§ **Task prompt**: Transcribe the records below exactly as they appear, omitting any pictures.

§ **Records provided**:

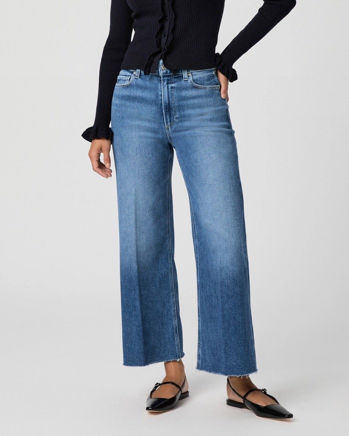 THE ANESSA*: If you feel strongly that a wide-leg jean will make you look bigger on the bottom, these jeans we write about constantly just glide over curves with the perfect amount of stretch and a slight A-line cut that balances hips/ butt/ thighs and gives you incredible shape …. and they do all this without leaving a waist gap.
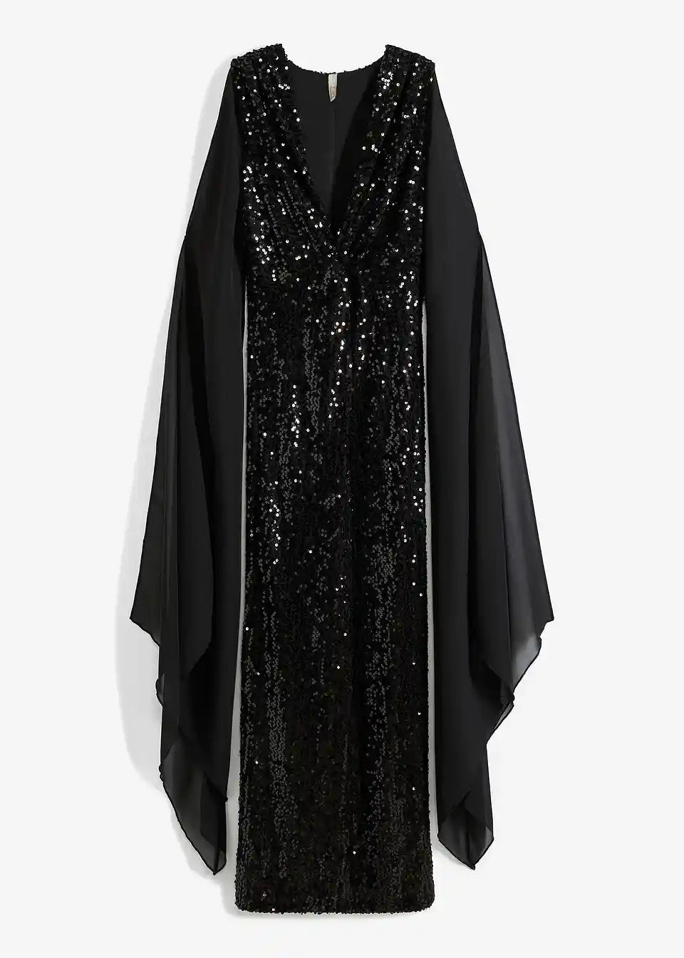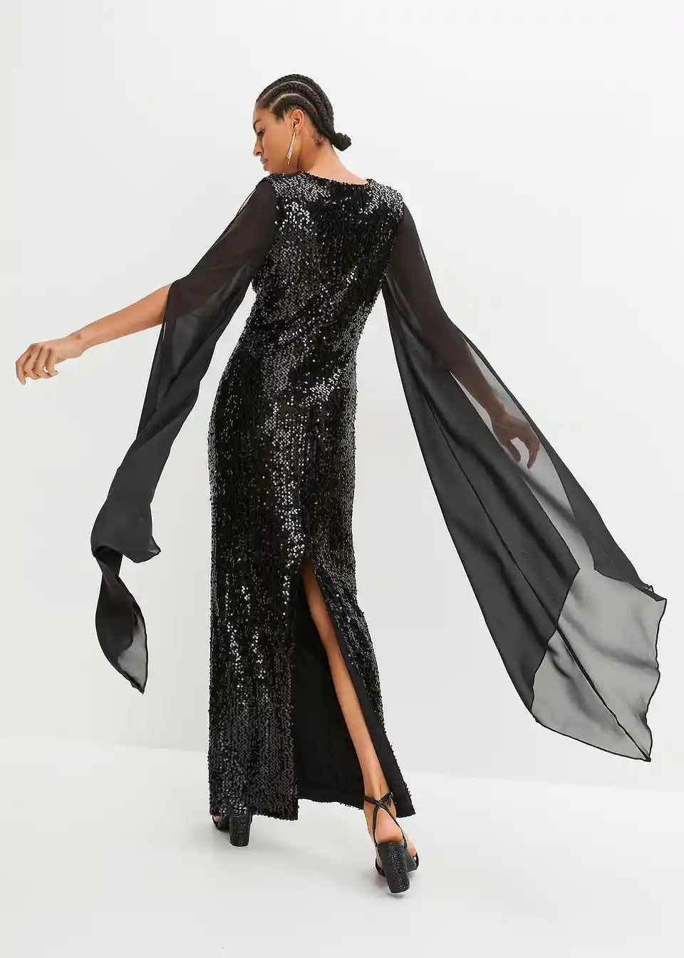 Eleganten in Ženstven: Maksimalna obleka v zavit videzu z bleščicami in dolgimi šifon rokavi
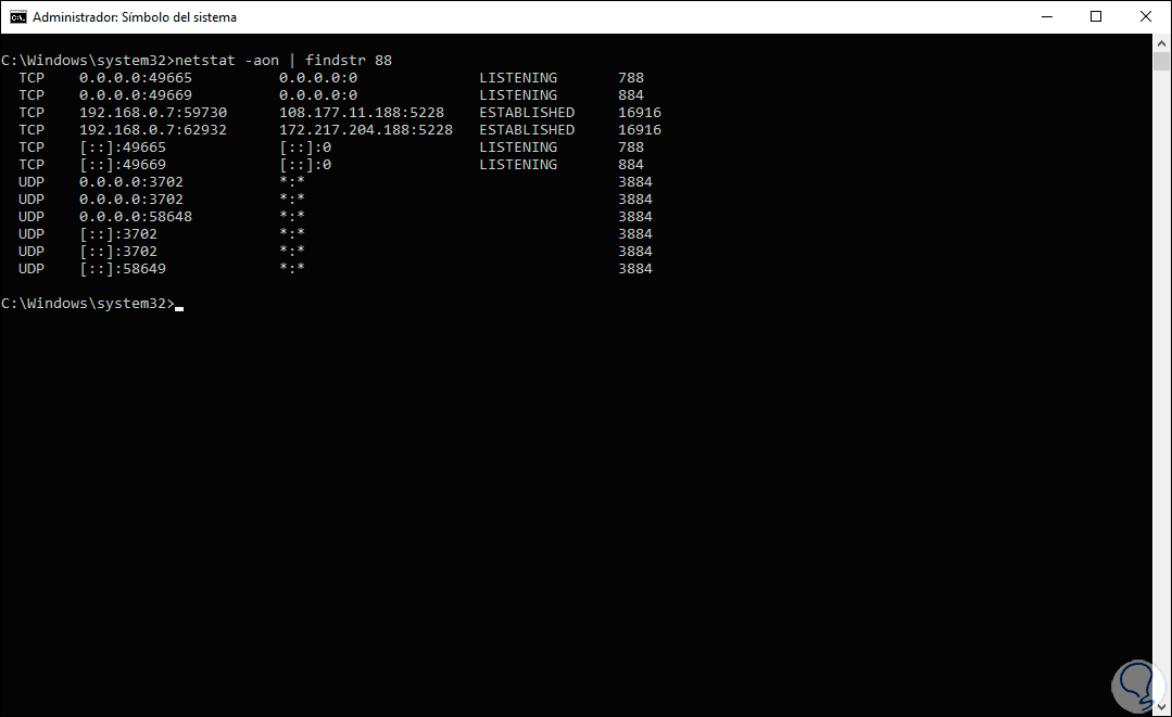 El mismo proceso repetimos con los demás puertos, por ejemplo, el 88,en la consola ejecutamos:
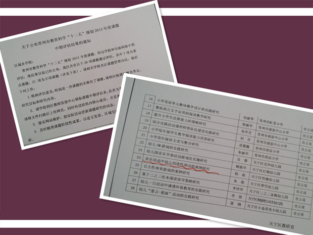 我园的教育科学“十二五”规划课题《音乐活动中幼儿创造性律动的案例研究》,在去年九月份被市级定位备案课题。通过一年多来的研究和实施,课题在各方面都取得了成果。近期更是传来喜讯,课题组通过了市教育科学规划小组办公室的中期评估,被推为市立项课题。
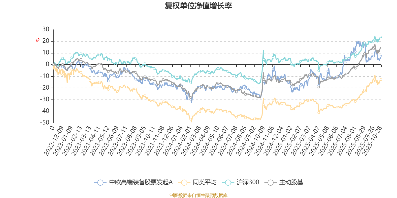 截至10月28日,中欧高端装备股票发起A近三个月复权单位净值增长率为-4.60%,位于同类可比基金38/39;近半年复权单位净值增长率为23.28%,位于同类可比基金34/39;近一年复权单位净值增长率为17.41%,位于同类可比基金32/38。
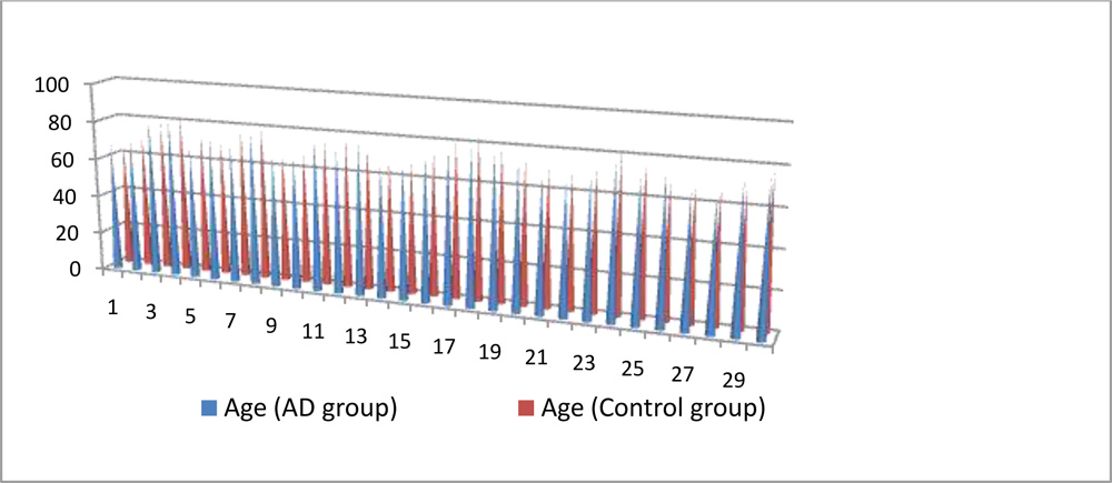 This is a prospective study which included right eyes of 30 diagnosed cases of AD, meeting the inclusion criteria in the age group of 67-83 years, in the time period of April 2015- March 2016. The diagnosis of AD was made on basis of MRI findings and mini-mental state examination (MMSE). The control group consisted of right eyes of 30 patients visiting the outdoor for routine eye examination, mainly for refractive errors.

§ **Response**:
 THE ANESSA*: If you feel strongly that a wide-leg jean will make you look bigger on the bottom, these jeans we write about constantly just glide over curves with the perfect amount of stretch and a slight A-line cut that balances hips/ butt/ thighs and gives you incredible shape …. and they do all this without leaving a waist gap.
 Eleganten in Ženstven: Maksimalna obleka v zavit videzu z bleščicami in dolgimi šifon rokavi
 El mismo proceso repetimos con los demás puertos, por ejemplo, el 88,en la consola ejecutamos:
 我园的教育科学“十二五”规划课题《音乐活动中幼儿创造性律动的案例研究》,在去年九月份被市级定位备案课题。通过一年多来的研究和实施,课题在各方面都取得了成果。近期更是传来喜讯,课题组通过了市教育科学规划小组办公室的中期评估,被推为市立项课题。
 截至10月28日,中欧高端装备股票发起A近三个月复权单位净值增长率为-4.60%,位于同类可比基金38/39;近半年复权单位净值增长率为23.28%,位于同类可比基金34/39;近一年复权单位净值增长率为17.41%,位于同类可比基金32/38。
 This is a prospective study which included right eyes of 30 diagnosed cases of AD, meeting the inclusion criteria in the age group of 67-83 years, in the time period of April 2015- March 2016. The diagnosis of AD was made on basis of MRI findings and mini-mental state examination (MMSE). The control group consisted of right eyes of 30 patients visiting the outdoor for routine eye examination, mainly for refractive errors.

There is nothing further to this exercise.